Prairie View’s evolving community alliances are helping build healthier communities. They have been a strong influence in the creation of a fully integrated community health collaboration that will serve the needs of those most vulnerable. With a focus on the uninsured and those in poverty, the Harvey County Health Collaboration will provide comprehensive health and wellness under one roof. In a newly renovated facility, Prairie View’s Health Home Services, the Harvey County Health Department and the Health Ministries Clinic will serve patients from multiple counties in south central Kansas.

It isn’t easy. “External regulation and the incredible demand on all types of resources provide challenges to delivering services to everyone who needs us,” says Prairie View CEO Kaye. “Although we receive funding from various public systems and many commercial payers, it is important to realize that these payments do not cover the actual cost of service delivery, especially for those without adequate health insurance or financial resources. And those funders certainly do not reimburse for chaplaincy services, prevention efforts or needed outreach to families and communities. Thus, we have a continuing need for charitable support.”

Philanthropic support in the form of annual gifts, grants and charitable bequests are valued tools to ensure the quality, scope and legacy of Prairie View.

“If we can nurture relationships with the faith community,” Kaye says, “and if the church embraces its role as supporter, advocate and influencer, we can overcome the stigma of mental illness and substance abuse disorders and improve access to high quality care and support. Through collaboration and outreach in our shared communities we can provide hope and healing to some of the 65 million Americans personally experiencing mental illness.”

Another serious concern is the scarcity of qualified clinicians. “We must be responsible stewards of our human resources,” Kaye says. “Our staff is the heart of who we are. High risk, low compensation and emotional intensity make human service ministry very challenging and the risk for staff burnout is high. We currently face a scarcity of geriatric psychiatrists, child and adolescent psychiatrists, addiction treatment clinicians and addictionologists. Maintaining these valuable specialties within our organization is critical.”

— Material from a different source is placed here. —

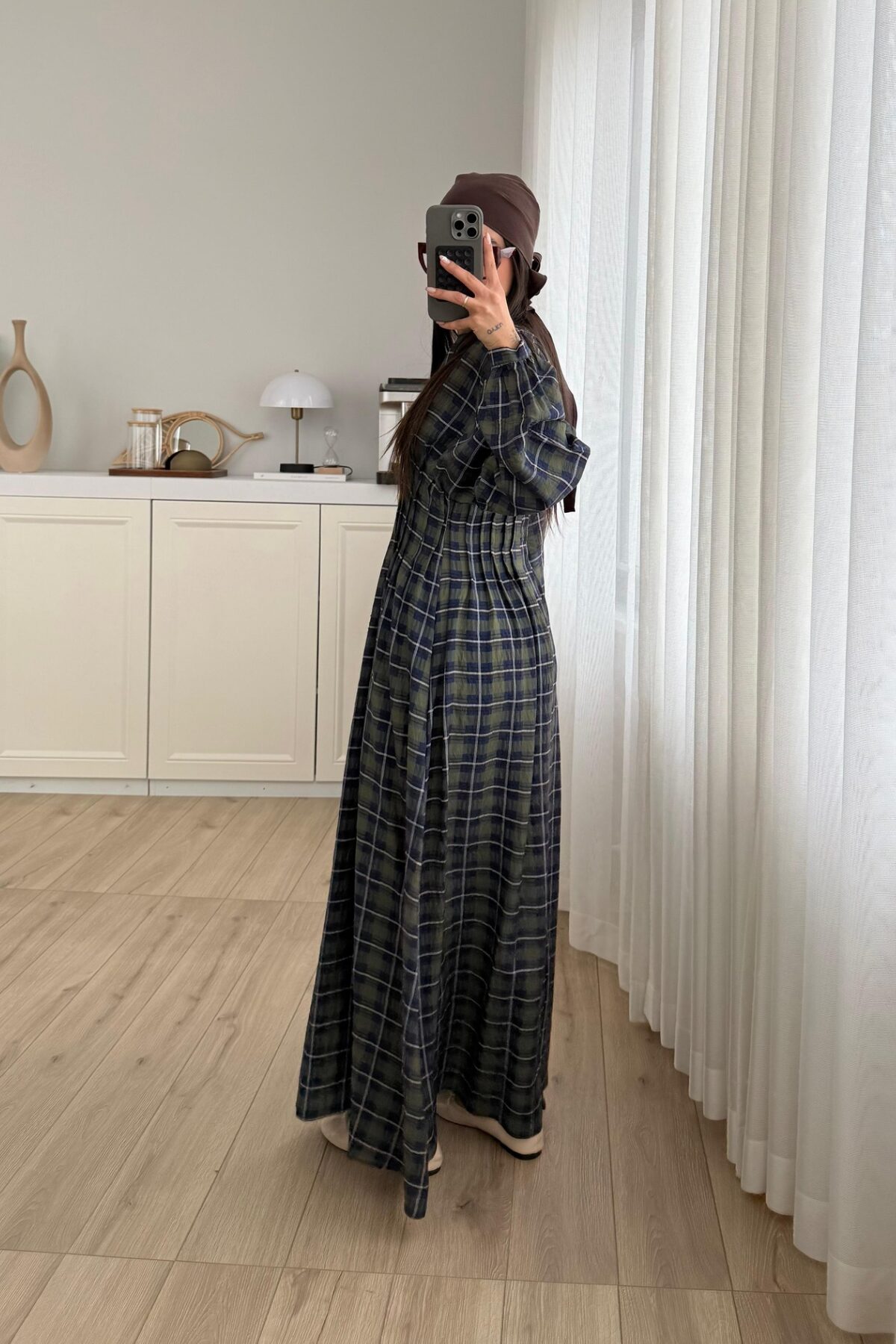Pile Detaylı Ekose Elbise Haki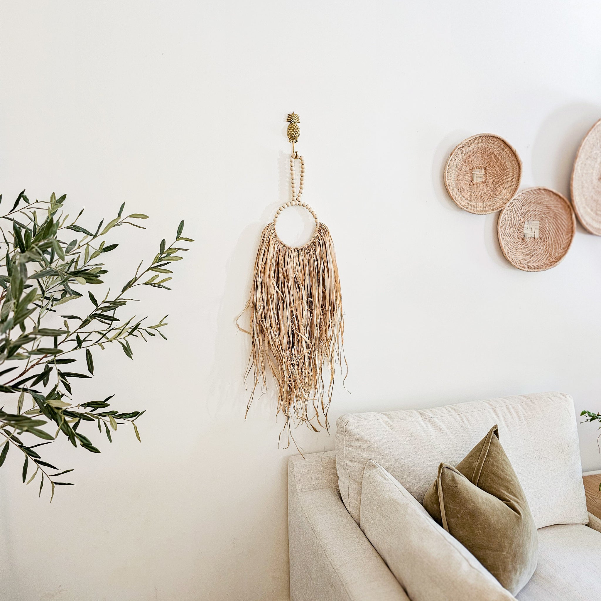 Our Zara Raffia hanging is the ideal piece. It is perfect for those tall narrow spaces ie. Between doors or windows or will work just as beautifully on larger walls styled along side other wall decor or artworks.

Kaye says, “One patient comes to mind. One year ago, she was in a wheelchair, barely able to speak and continuing to decline. Though our comprehensive approach to treatment, her clinicians were able to diagnose and treat a medical condition that complicated her mental disorder.

“Today she is walking, talking, a very active participant in her own treatment, and involved with various community and church activities. Her strong faith, together with our individualized services, is sustaining her as she deals with issues of grief and loss. She says she is unable to imagine her life without Prairie View,” Kaye says.

“As Prairie View celebrates 60 years of ministry and continues to look toward our future, I want the church to recognize us as a transforming ministry—an extension of the greater church. Our mission statement describes the “compassion, competence and stewardship” we offer in “the spirit of Christ,” Kaye says.

The main campus of Prairie View remains in Newton, Kan., with outpatient offices in Hillsboro, McPherson and two locations in Wichita. Through bylaw and in agreement with the Mennonite Health Alliance, a majority of the composition of the Prairie View governing board must be Anabaptist affiliated.

Misty Elder is director of advancement for Prairie View.